The FCC, nevertheless, was adamant about its motives. "An open Internet is indeed the great equalizer. It enables traditionally underrepresented groups — like minorities and women — to have an equal voice and an equal opportunity," said FCC commissioner Mingon Clyburn, a Democrat. She added that one of its studies showed that a greater percentage of African Americans and Latinos accessed the Internet only on their wireless phones. The location of the hearing was appropriate: the average income in this area is about $22,000, and roughly 25% of the population is Latino. Groups like Latinos for Internet Freedom were present to testify about how access to the Internet helped members of their communities find jobs and connect with family members outside the country.

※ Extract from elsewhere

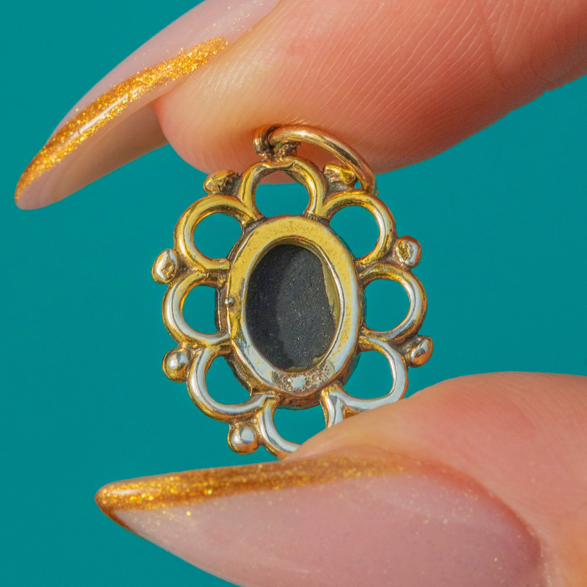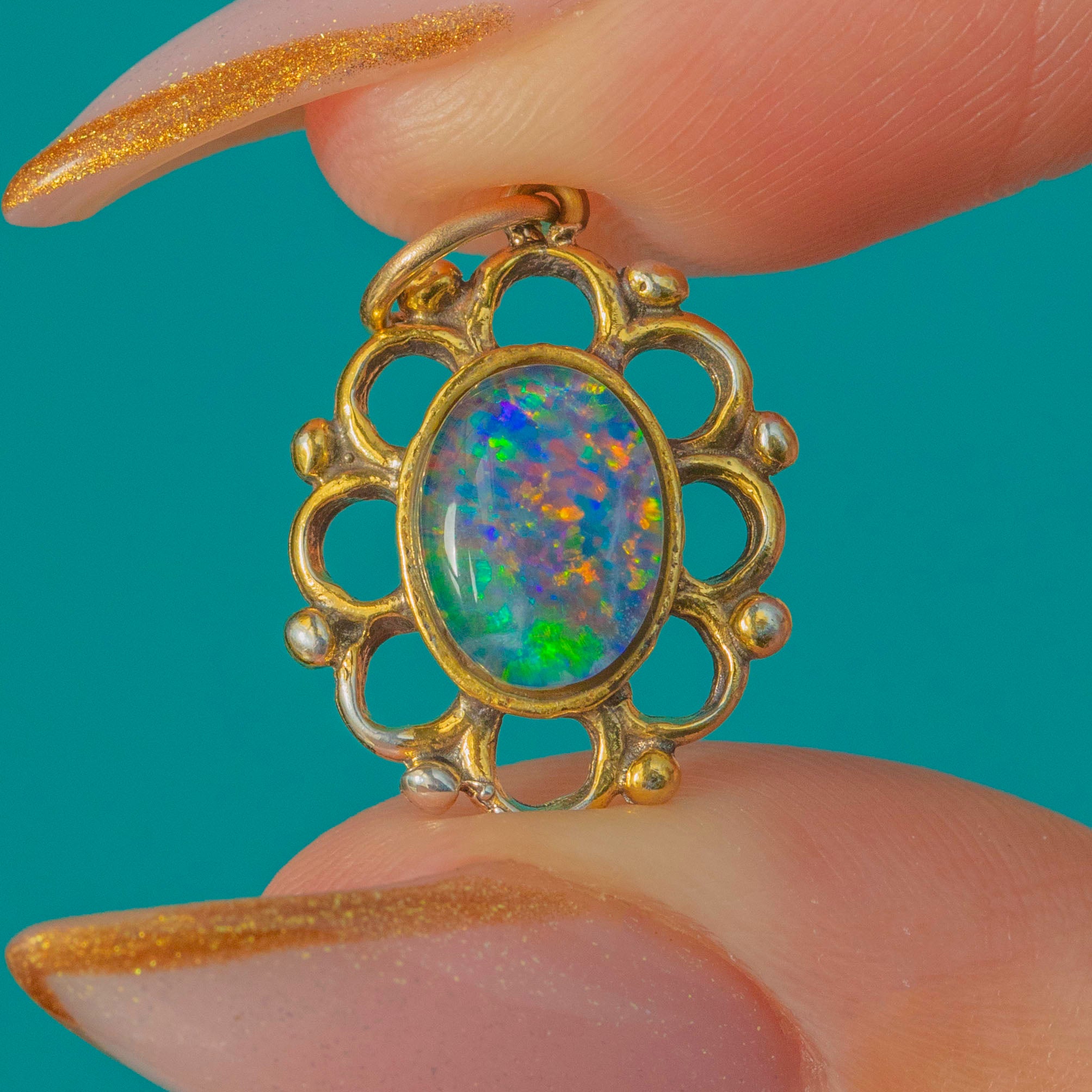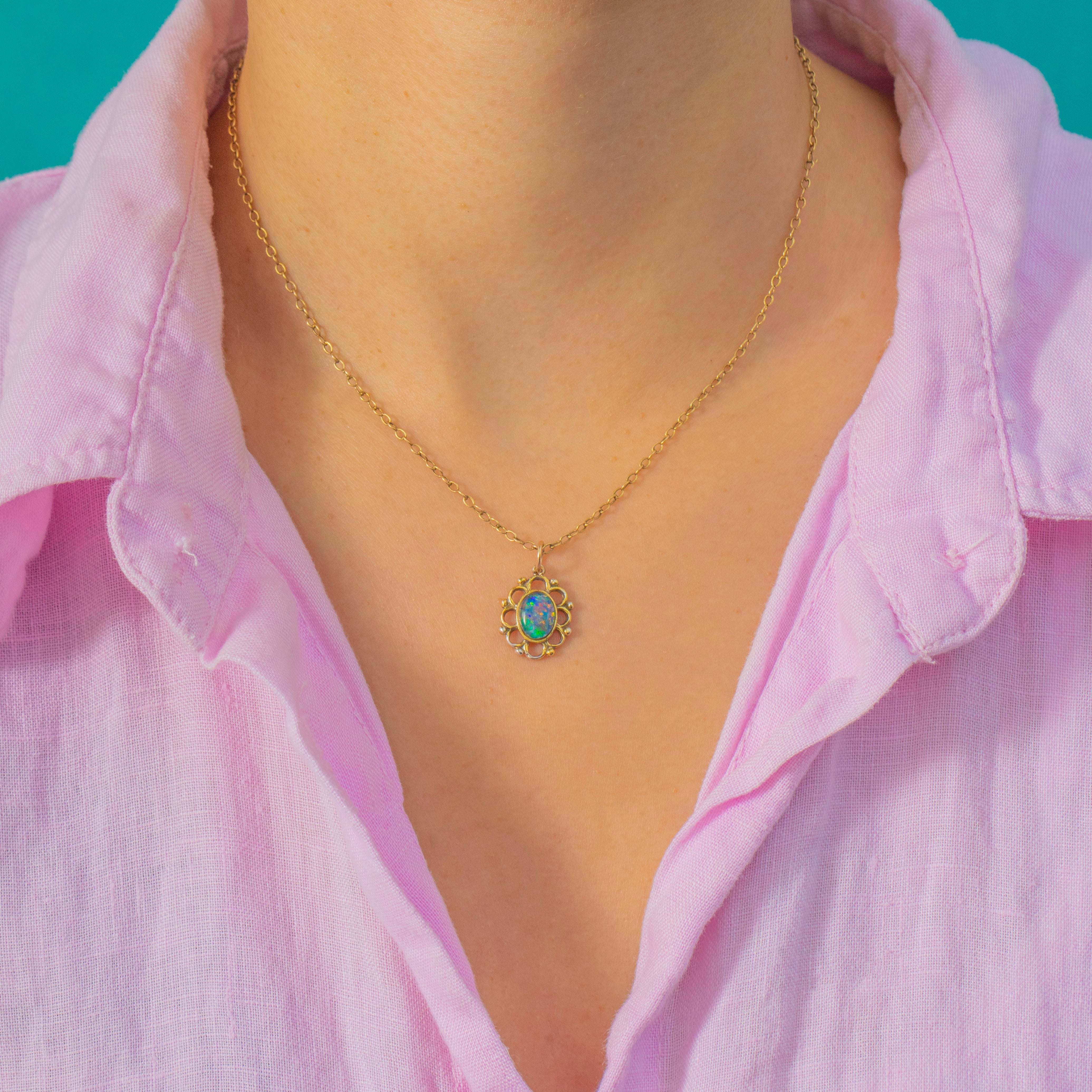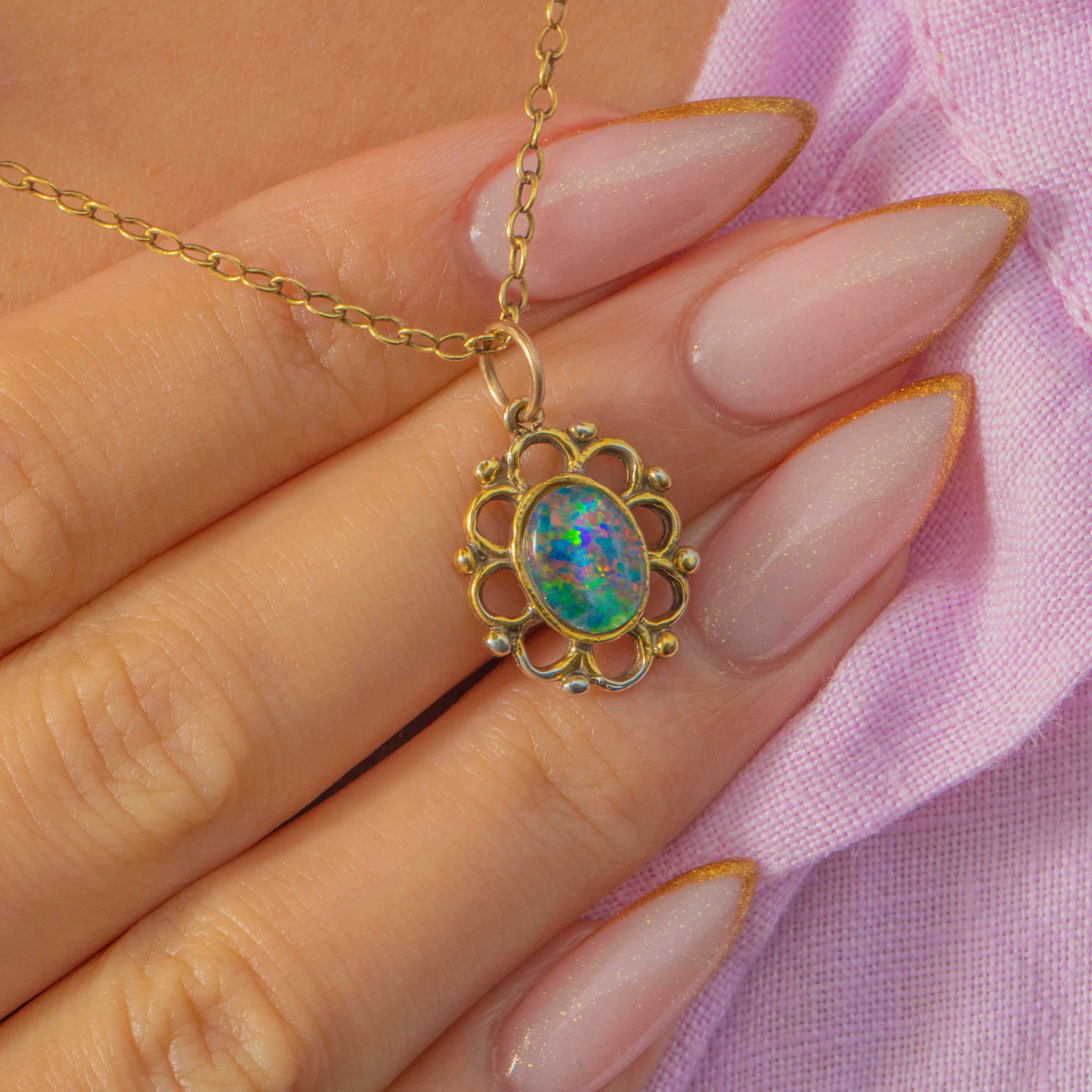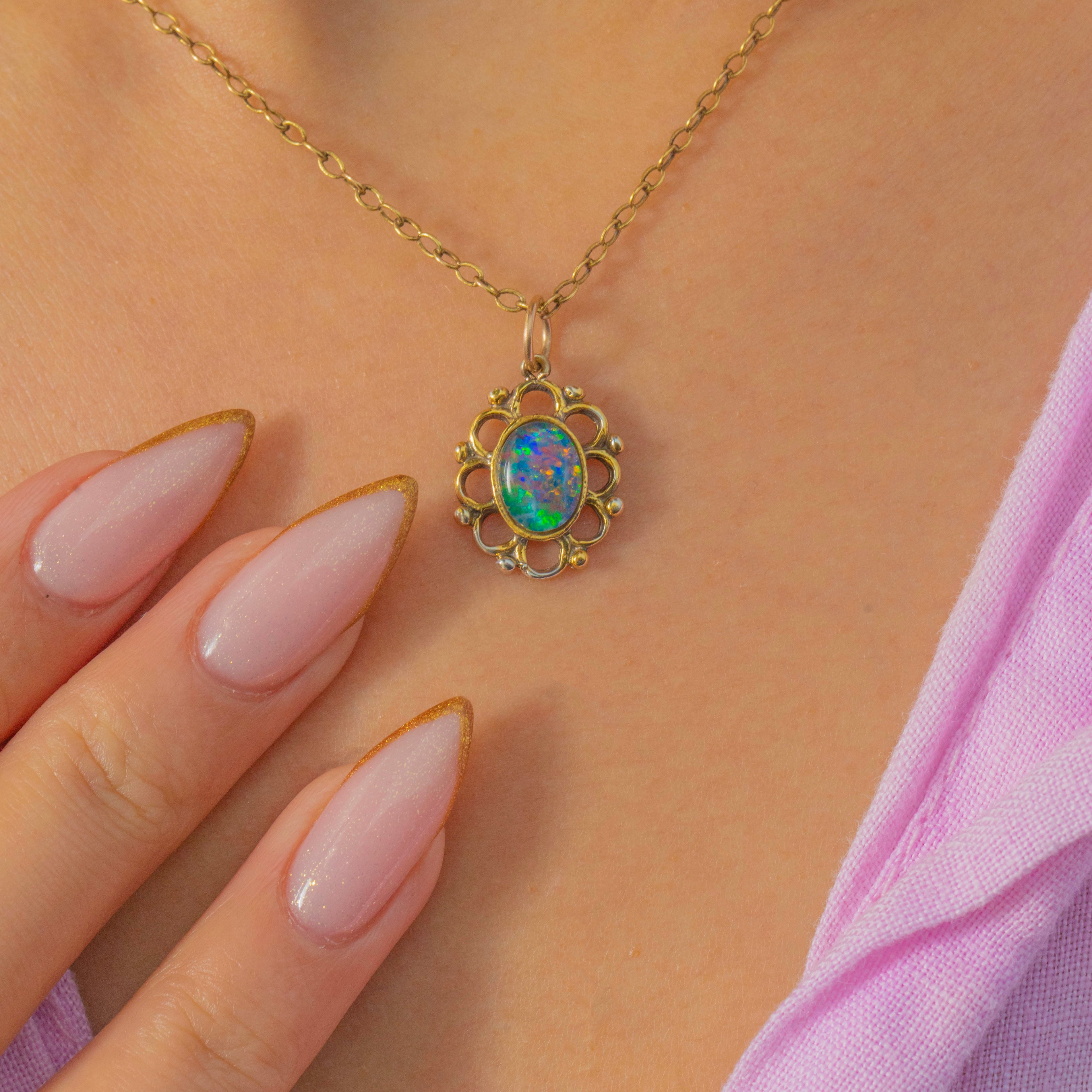 A colourful Vintage Opal doublet pendant crafted in rich 18ct Gold with an ornate, whimsical border. The Opal doublet displays vibrant flashes of green, blue and orange, shifting beautifully as it moves. Its sculptural Gold frame gives the piece a romantic, artistic feel, making it a gorgeous everyday talisman or layering charm.

Michael Copps, the other FCC commissioner on hand, blasted Google and Verizon's proposal. "The Internet was born on openness, flourished on openness and depends on openness for its continued success," he told the crowd. "We must not ever allow the openness of the Internet to become just another pawn in the hands of powerful corporate interests. The few players that control access to the wonders of the Internet tell us not to worry. But I am worried. How can we have any confidence that their business plans and network engineering are not going to stifle our online freedom? You know, history is pretty clear that when some special interest has control over both the content and distribution of a product or service — and a financial incentive to exercise that control — someone is going to try it."